- **HOW TO COMPLETE THIS TASK**: Leave out the pictures, and retype the remaining data exactly.

- **DATA SECTION**:
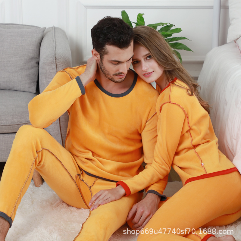 您的位置:他他商城  >   >  黄金绒保暖内衣男新款秋衣情侣套装加绒加大打底衫女士秋裤发热裤
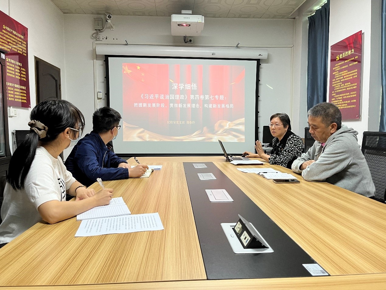 党支部书记郑春玲主持会议并专题讲授《习近平谈治国理政》第四卷第七专题。围绕贯彻习近平总书记关于“把握新发展阶段,贯彻新发展理念,构建新发展格局”的重要讲话精神,她强调,一是要着力加强对贯彻新发展理念的监督检查。弘扬伟大建党精神,坚持稳中求进工作总基调,完整、准确、全面贯彻新发展理念,主动服务和融入新发展格局,始终把政治监督摆在首位,把握大局、判明大势、抓住大事,围绕贯彻落实党中央决策部署要求和《关于加快构建新发展格局的指导意见》确定的重点任务,统筹疫情防控和学校发展,有针对性地加强日常监督,推动各级党组织和党员干部站在“两个维护”的政治高度完整、准确、全面贯彻新发展理念,切实增强推动省域高水平高职院校建设的自觉性坚定性,着力查找思想认识、工作机制、方式方法、能力作风等方面存在的问题,形成推动高质量发展的合力,让新发展理念在学校落地生根,以实际行动迎接党的二十大胜利召开;二是健全贯彻党中央重大决策部署和习近平总书记重要指示批示精神督查问责机制。要跟进监督、全程监督、精准监督,及时纠正政治偏差,坚决查处贯彻落实不力背后的腐败和作风问题,用纪律唤醒“装睡”的人;三是切实肩负起督促防范化解重大风险的使命担当。善于预见和预判各种风险挑战,围绕及时清除发展中的风险隐患加强监督检查,压实各级党组织全面从严治党的主体责任;四是从根本宗旨上把握新发展理念。坚持以人民为中心的根本立场,积极适应师生需求变化,推动监督下沉落地,持续整治群众身边腐败和不正之风,把问题解决在师生家门口,促进公平正义、保障师生合法权益,使改革发展成果更多更公平惠及师生员工,不断增强师生员工获得感幸福感安全感;五是着力营造风清气正的政治生态和发展环境。激励担当作为,推动构建亲清政商关系。坚持有腐必反、有贪必肃。突出加强对“关键少数”特别是“一把手”监督,全面规范领导干部配偶、子女及其配偶经商办企业行为,坚决查处违规兼职行为。
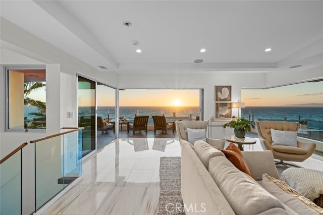 Perched just steps from the sand and the vibrant shops and restaurants along Highland Avenue, 3601 Bayview Drive captures the very essence of coastal Manhattan Beach living. From its commanding corner position, this residence offers breathtaking, unobstructable panoramic ocean views that rival those of homes on The Strand—where sunsets paint the horizon and the rhythmic sound of waves becomes part of your daily soundtrack. The top floor is the showpiece—a light-filled great room with a wraparound deck that feels like the bow of a ship overlooking the Pacific. The chef’s kitchen, outfitted with Thermador professional appliances, a stone-topped center island, and L-shaped counters, seamlessly connects to the dining and living areas centered around a natural-stone fireplace. Every detail draws your attention back to the 180-degree coastal views stretching from Palos Verdes to Malibu. The primary suite opens to a private south-facing deck and features a spa-inspired bath with a freestanding soaking tub, waterfall shower, and herringbone stone flooring. Two additional bedrooms share a beautifully appointed Jack-and-Jill bath. The lower level serves as a versatile “beach room” with soaring ceilings, a full bath, and direct access to an outdoor patio complete with a shower—perfect for rinsing off after a day at the beach. This entertaining space offers effortless indoor-outdoor flow and easy access to the sidewalk leading straight to the ocean. And don’t overlook the home’s rare three-car garage—a coveted feature ideal for storing cars, surfboards, and beach gear. Situated in one of Manhattan Beach’s most desirable locations with great walkability and convenient proximity to LAX, the 405 and 105 freeways, major employment centers, and surrounding coastal cities—this residence offers the ultimate balance of accessibility and serenity. With over $1.4 million in thoughtful renovations, 3601 Bayview Drive stands as a refined yet inviting oasis by the sea, blending craftsmanship, comfort, and the quintessential beach lifestyle.

- **REPLY TO THE TASK**:
 您的位置:他他商城  >   >  黄金绒保暖内衣男新款秋衣情侣套装加绒加大打底衫女士秋裤发热裤
 党支部书记郑春玲主持会议并专题讲授《习近平谈治国理政》第四卷第七专题。围绕贯彻习近平总书记关于“把握新发展阶段,贯彻新发展理念,构建新发展格局”的重要讲话精神,她强调,一是要着力加强对贯彻新发展理念的监督检查。弘扬伟大建党精神,坚持稳中求进工作总基调,完整、准确、全面贯彻新发展理念,主动服务和融入新发展格局,始终把政治监督摆在首位,把握大局、判明大势、抓住大事,围绕贯彻落实党中央决策部署要求和《关于加快构建新发展格局的指导意见》确定的重点任务,统筹疫情防控和学校发展,有针对性地加强日常监督,推动各级党组织和党员干部站在“两个维护”的政治高度完整、准确、全面贯彻新发展理念,切实增强推动省域高水平高职院校建设的自觉性坚定性,着力查找思想认识、工作机制、方式方法、能力作风等方面存在的问题,形成推动高质量发展的合力,让新发展理念在学校落地生根,以实际行动迎接党的二十大胜利召开;二是健全贯彻党中央重大决策部署和习近平总书记重要指示批示精神督查问责机制。要跟进监督、全程监督、精准监督,及时纠正政治偏差,坚决查处贯彻落实不力背后的腐败和作风问题,用纪律唤醒“装睡”的人;三是切实肩负起督促防范化解重大风险的使命担当。善于预见和预判各种风险挑战,围绕及时清除发展中的风险隐患加强监督检查,压实各级党组织全面从严治党的主体责任;四是从根本宗旨上把握新发展理念。坚持以人民为中心的根本立场,积极适应师生需求变化,推动监督下沉落地,持续整治群众身边腐败和不正之风,把问题解决在师生家门口,促进公平正义、保障师生合法权益,使改革发展成果更多更公平惠及师生员工,不断增强师生员工获得感幸福感安全感;五是着力营造风清气正的政治生态和发展环境。激励担当作为,推动构建亲清政商关系。坚持有腐必反、有贪必肃。突出加强对“关键少数”特别是“一把手”监督,全面规范领导干部配偶、子女及其配偶经商办企业行为,坚决查处违规兼职行为。
 Perched just steps from the sand and the vibrant shops and restaurants along Highland Avenue, 3601 Bayview Drive captures the very essence of coastal Manhattan Beach living. From its commanding corner position, this residence offers breathtaking, unobstructable panoramic ocean views that rival those of homes on The Strand—where sunsets paint the horizon and the rhythmic sound of waves becomes part of your daily soundtrack. The top floor is the showpiece—a light-filled great room with a wraparound deck that feels like the bow of a ship overlooking the Pacific. The chef’s kitchen, outfitted with Thermador professional appliances, a stone-topped center island, and L-shaped counters, seamlessly connects to the dining and living areas centered around a natural-stone fireplace. Every detail draws your attention back to the 180-degree coastal views stretching from Palos Verdes to Malibu. The primary suite opens to a private south-facing deck and features a spa-inspired bath with a freestanding soaking tub, waterfall shower, and herringbone stone flooring. Two additional bedrooms share a beautifully appointed Jack-and-Jill bath. The lower level serves as a versatile “beach room” with soaring ceilings, a full bath, and direct access to an outdoor patio complete with a shower—perfect for rinsing off after a day at the beach. This entertaining space offers effortless indoor-outdoor flow and easy access to the sidewalk leading straight to the ocean. And don’t overlook the home’s rare three-car garage—a coveted feature ideal for storing cars, surfboards, and beach gear. Situated in one of Manhattan Beach’s most desirable locations with great walkability and convenient proximity to LAX, the 405 and 105 freeways, major employment centers, and surrounding coastal cities—this residence offers the ultimate balance of accessibility and serenity. With over $1.4 million in thoughtful renovations, 3601 Bayview Drive stands as a refined yet inviting oasis by the sea, blending craftsmanship, comfort, and the quintessential beach lifestyle.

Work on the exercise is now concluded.